### ASSIGNMENT
In full and word for word, copy the listing; no pictures belong in the copy.

### DATA PROVIDED
########
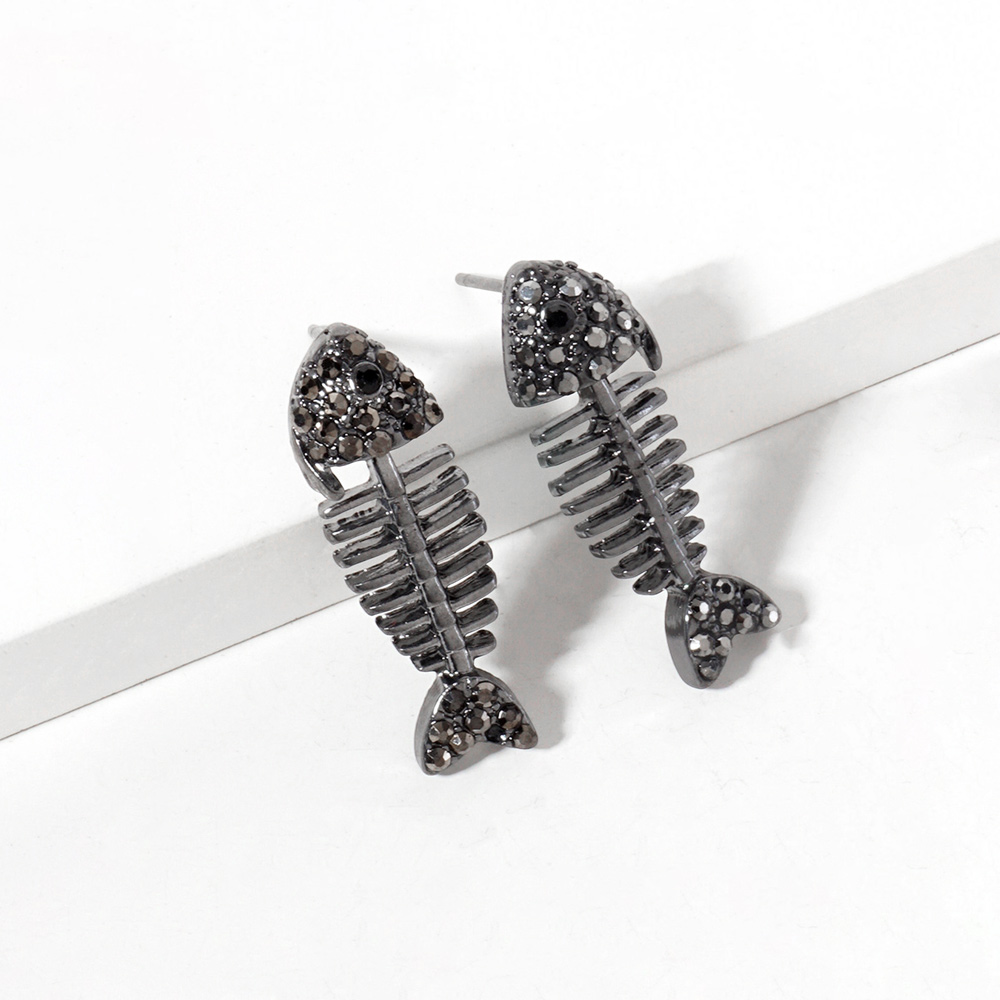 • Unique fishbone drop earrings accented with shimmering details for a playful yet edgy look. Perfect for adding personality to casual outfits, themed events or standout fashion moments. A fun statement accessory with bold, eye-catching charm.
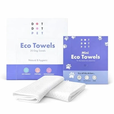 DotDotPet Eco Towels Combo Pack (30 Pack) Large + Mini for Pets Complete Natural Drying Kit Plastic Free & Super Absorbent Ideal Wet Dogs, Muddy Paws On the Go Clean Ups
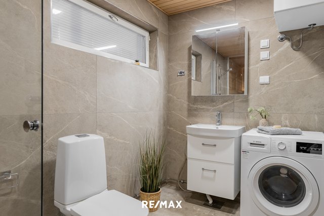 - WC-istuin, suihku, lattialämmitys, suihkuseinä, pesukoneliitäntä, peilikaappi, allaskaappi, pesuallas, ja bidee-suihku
########
### SOLUTION TO THE PROBLEM
 • Unique fishbone drop earrings accented with shimmering details for a playful yet edgy look. Perfect for adding personality to casual outfits, themed events or standout fashion moments. A fun statement accessory with bold, eye-catching charm.
 DotDotPet Eco Towels Combo Pack (30 Pack) Large + Mini for Pets Complete Natural Drying Kit Plastic Free & Super Absorbent Ideal Wet Dogs, Muddy Paws On the Go Clean Ups
 - WC-istuin, suihku, lattialämmitys, suihkuseinä, pesukoneliitäntä, peilikaappi, allaskaappi, pesuallas, ja bidee-suihku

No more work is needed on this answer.